Romantische Lichter, glamouröse Musik – und damit auch noch Leben retten helfen: So engagierten sich Offenbacherinnen und Offenbacher beim Lichterfest für humanitäre Hilfe in der Ukraine. Mit stolzem Ergebnis, denn heraus kam dabei ein fast komplett finanzierter Krankenwagen, der nun den Weg in die Kriegsgebiete antrat.

Auf den Weg kam die Hilfsaktion über die Sopranistin Olga Zaitseva, die dem Open-Air-Crossover-Ereignis ihre ausstrahlungsstarke Stimme lieh. Begleitet vom Capitol Symphonie Orchester sang sie unter anderem eigene Versionen zweier Volkslieder ihrer ukrainischen Heimat. Und sie regte dabei Spenden für den in Mühlheim ansässigen Verein „OBOZ Humanitäre Hilfe für die Ukraine e.V.“ an, der gebrauchte Krankenwagen auf Spendenbasis aufbereiten lässt und in die Ukraine schickt.

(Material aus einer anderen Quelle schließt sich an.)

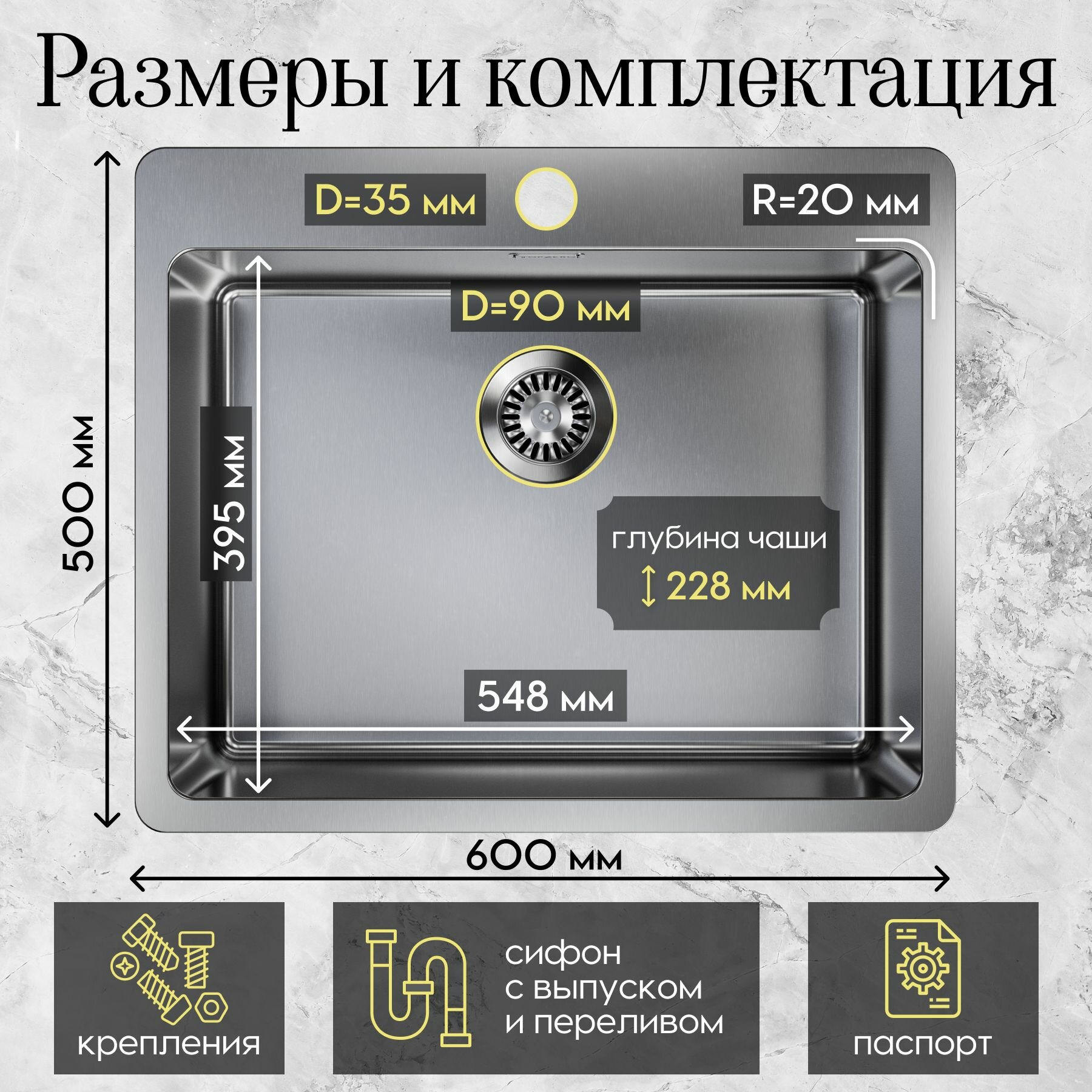 "Кухонная мойка TopZero ME600.500.GT10K, нержавеющая сталь"

Oberbürgermeister Dr. Felix Schwenke stimmte dem Ansinnen, das Lichterfest dafür zu nutzen, umgehend zu. „Der 21. dieser Krankenwagen wurde nun zu einem guten Teil tatsächlich aus Spenden im Verlauf des Lichterfests finanziert, darunter auch die Stadtwerke Offenbach Holding und der Lions Club Offenbach,“ danken Bürgermeisterin Sabine Groß, die den während des Lichterfestes im Urlaub weilenden OB vertrat, und OB Schwenke für die Spendenbereitschaft. „Der Krankenwagen ist ein weiterer, wichtiger Baustein, der die medizinische Versorgung der Verwundeten an der Kriegsfront erheblich vereinfacht“, so Ina Olneynik vom Verein.

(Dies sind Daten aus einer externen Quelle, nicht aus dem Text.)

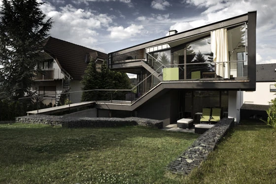 Der Anbau besteht im Wesentlichen aus zwei strukturellen Teilen, einem Sockel aus Stahlbeton, und einer leichten Haube. Diese sind verbunden durch ein Stahlband, das beide Teile zusammenfasst und sich als konstruktives Band an der Fassade abzeichnet. Das gefaltete Band der Rampenanlage und Treppen fügt sich in die Struktur des bestehenden Treppenhauses ein, und erweitert so die rückwärtigen Wohnräume durch ein Split-Level-System. Es verknüpft nicht nur die Innenräume untereinander, sondern schafft ebenso kontinuierlich Beziehungen zum Außenraum, jeweils anschließend an die einzelnen Geschosse und Absätze, vom Garten bis zur Dachterrasse.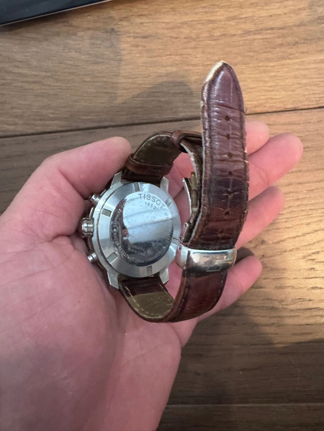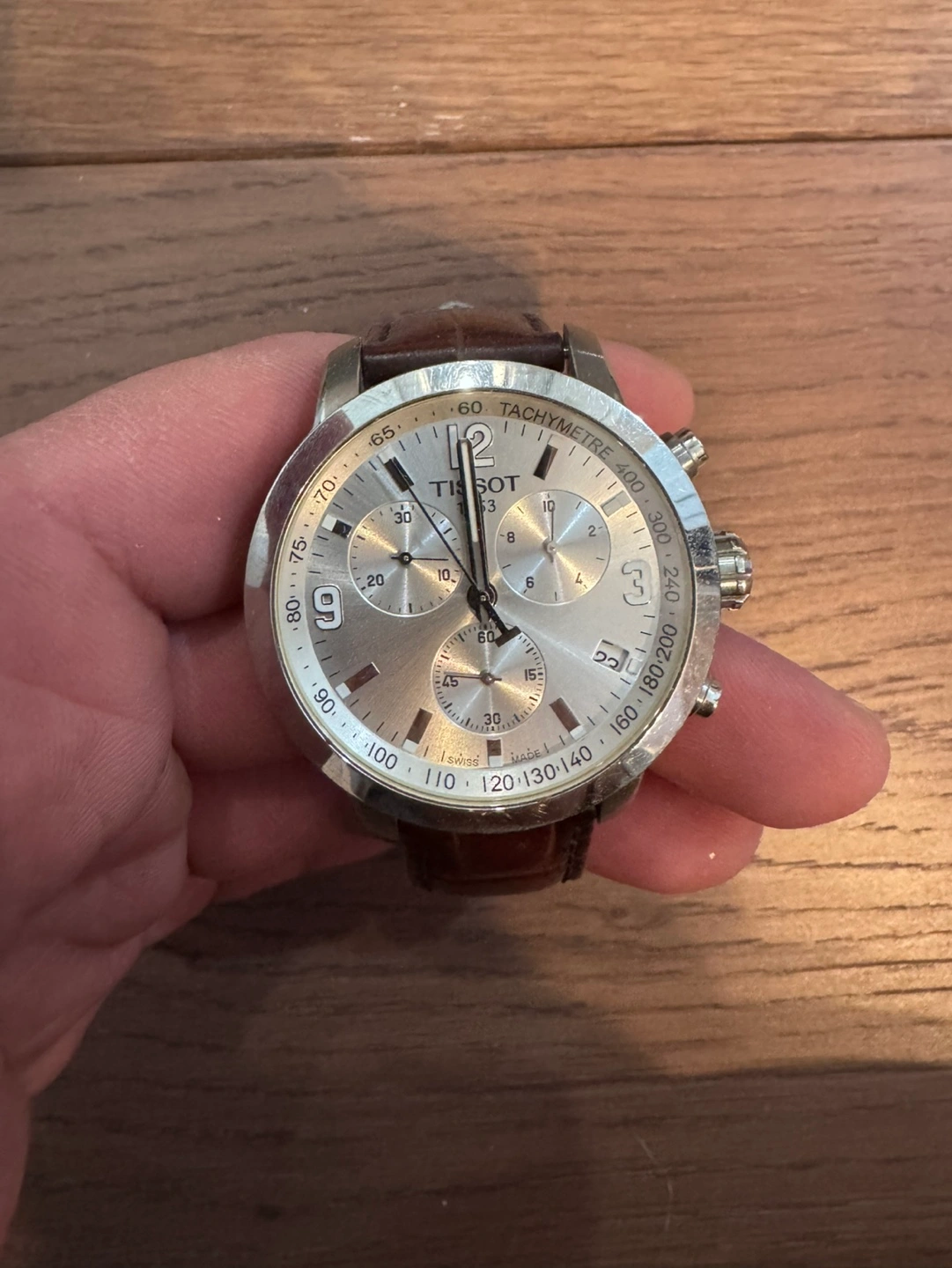 Pre-owned Tissot chronograph watch. Silver-toned face, brown leather band. Features chronograph functions and tachymeter bezel. Shows some signs of wear.

Der OBOZ Humanitäre Hilfe für die Ukraine e. V. unterstützt in vielfältiger Weise und sammelt unter anderem Spenden für die Anschaffung von medizinischen Geräten und Medikamenten. Er nimmt Kleider- und Lebensmittelspenden entgegen und ist unter info@oboz-ev.de oder unter dieser Internetseite erreichbar: Internetseite OBOZ Humanitäre Hilfe für die Ukraine e.V.

(Text: PM Stadt Offenbach)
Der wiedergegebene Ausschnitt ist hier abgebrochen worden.